Stone’s lawyers argued that the Judge’s use of the words “jurors” and “with integrity” (which Judge Berman-Jackson noted were “three words on the 88th page of the 96-page transcript of a two-and-a-half-hour hearing”) are disqualifying because there is a pending motion for new trial with respect to a single juror, and the hearing has not yet taken place. They wrote:
“The Court’s ardent conclusion of ‘integrity’ indicates an inability to reserve judgment on an issue which has not yet been heard. Moreover, the categorical finding of integrity made before hearing the facts is likely to lead a reasonably informed observer to question the District Judge’s impartiality … The premature statement blessing ‘the integrity of the jury’ undermines the appearance of impartiality and presents a strong bias for recusal.”
How did Judge Berman-Jackson rule? Writing in the third person (“the Court, “it”, and “its”), the Judge wrote the following:
“Its characterization of the jurors’ service was voiced on the record, and it was entirely and fairly based on the Court’s observations of the jurors in the courthouse; through the nine days of voir dire and trial, when they were uniformly punctual and attentive, and through their thoughtful communications with the Court during deliberation … and the delivery of the verdict … Moreover, the record dating back to January of 2019 reflects that the Court took each issue raised by this defendant seriously; that on each occasion, it ruled with care and impartiality, laying out its reasoning in detail; and that it was scrupulous about ensuring his right to a fair trial.

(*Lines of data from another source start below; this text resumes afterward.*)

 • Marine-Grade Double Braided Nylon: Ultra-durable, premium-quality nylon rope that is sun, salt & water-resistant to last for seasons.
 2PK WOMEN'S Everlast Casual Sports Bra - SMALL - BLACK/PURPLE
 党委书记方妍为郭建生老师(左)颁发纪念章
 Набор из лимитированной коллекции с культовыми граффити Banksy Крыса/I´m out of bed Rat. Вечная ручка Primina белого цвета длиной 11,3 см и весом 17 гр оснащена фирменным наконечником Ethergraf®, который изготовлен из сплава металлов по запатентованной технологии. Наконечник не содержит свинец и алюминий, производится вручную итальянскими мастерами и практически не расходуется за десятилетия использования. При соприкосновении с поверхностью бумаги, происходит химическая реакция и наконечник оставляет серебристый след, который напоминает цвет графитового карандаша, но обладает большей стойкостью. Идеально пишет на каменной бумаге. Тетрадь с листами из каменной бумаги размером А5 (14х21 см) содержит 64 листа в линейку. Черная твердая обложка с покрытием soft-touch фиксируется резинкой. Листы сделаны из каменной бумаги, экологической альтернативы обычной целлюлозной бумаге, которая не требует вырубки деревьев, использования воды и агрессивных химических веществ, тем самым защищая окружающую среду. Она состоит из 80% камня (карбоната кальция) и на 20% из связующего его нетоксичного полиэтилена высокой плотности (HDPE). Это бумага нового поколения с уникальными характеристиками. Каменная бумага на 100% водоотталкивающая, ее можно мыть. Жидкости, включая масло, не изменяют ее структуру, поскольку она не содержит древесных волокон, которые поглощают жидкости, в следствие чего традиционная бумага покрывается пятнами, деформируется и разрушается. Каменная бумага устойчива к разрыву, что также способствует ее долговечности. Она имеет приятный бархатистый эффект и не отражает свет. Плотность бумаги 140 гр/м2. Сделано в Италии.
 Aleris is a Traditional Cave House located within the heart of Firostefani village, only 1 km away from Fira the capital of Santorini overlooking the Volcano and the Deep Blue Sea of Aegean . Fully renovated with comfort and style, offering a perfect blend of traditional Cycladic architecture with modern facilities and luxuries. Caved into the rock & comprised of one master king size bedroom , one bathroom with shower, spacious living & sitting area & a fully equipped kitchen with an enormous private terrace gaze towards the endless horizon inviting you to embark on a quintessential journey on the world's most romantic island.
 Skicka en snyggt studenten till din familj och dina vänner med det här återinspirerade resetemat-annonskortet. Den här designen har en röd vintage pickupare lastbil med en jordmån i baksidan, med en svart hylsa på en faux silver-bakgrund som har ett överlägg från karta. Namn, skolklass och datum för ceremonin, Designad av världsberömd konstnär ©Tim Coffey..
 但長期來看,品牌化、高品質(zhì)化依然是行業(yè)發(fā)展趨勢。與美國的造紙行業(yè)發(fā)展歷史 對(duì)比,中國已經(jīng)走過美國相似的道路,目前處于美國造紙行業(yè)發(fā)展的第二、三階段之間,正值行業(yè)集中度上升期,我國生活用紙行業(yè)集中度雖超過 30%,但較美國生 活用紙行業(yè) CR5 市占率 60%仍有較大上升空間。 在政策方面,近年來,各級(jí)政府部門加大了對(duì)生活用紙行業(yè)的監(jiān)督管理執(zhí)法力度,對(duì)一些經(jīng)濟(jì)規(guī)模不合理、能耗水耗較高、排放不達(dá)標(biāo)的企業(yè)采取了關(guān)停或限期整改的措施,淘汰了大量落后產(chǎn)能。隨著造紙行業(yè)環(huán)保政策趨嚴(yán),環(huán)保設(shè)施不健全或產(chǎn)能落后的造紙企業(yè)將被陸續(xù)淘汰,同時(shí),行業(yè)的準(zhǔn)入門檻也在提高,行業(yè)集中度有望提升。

It granted important evidentiary motions in his favor; it proposed utilizing a written questionnaire to ensure that the parties could receive more information than is usually available for jury selection; it struck 58 potential jurors for cause based on the defendant’s motions or on its own motion; and it repeatedly resolved bond issues in his favor, even after he took to social media to intimidate the Court, after he violated conditions imposed by the Court, after he was convicted at trial, and after he was sentenced to a term of incarceration. Moreover, at the sentencing hearing that forms the sole basis for the defendant’s motion, the Court concluded, based in part on many considerations put forth by the defendant, that it was appropriate to vary from the applicable Advisory Sentencing Guideline Range.”
And finally the conclusion:
“At bottom, given the absence of any factual or legal support for the motion for disqualification, the pleading appears to be nothing more than an attempt to use the Court’s docket to disseminate a statement for public consumption that has the words “judge” and “biased” in it. For these reasons, defendant’s motion is hereby DENIED. SO ORDERED. AMY BERMAN JACKSON United States District Judge DATE: February 23, 2020”
The five lawyers that filed the motion to disqualify Judge Berman-Jackson are, no doubt, fine attorneys. This has been, and continues to be a grueling legal case (indeed, with 343 documents having been docketed, that is more than 1 each business day since the indictment was filed on January 24, 2019). I trust they’re sleeping well at night … high-spirited activity can be tiring.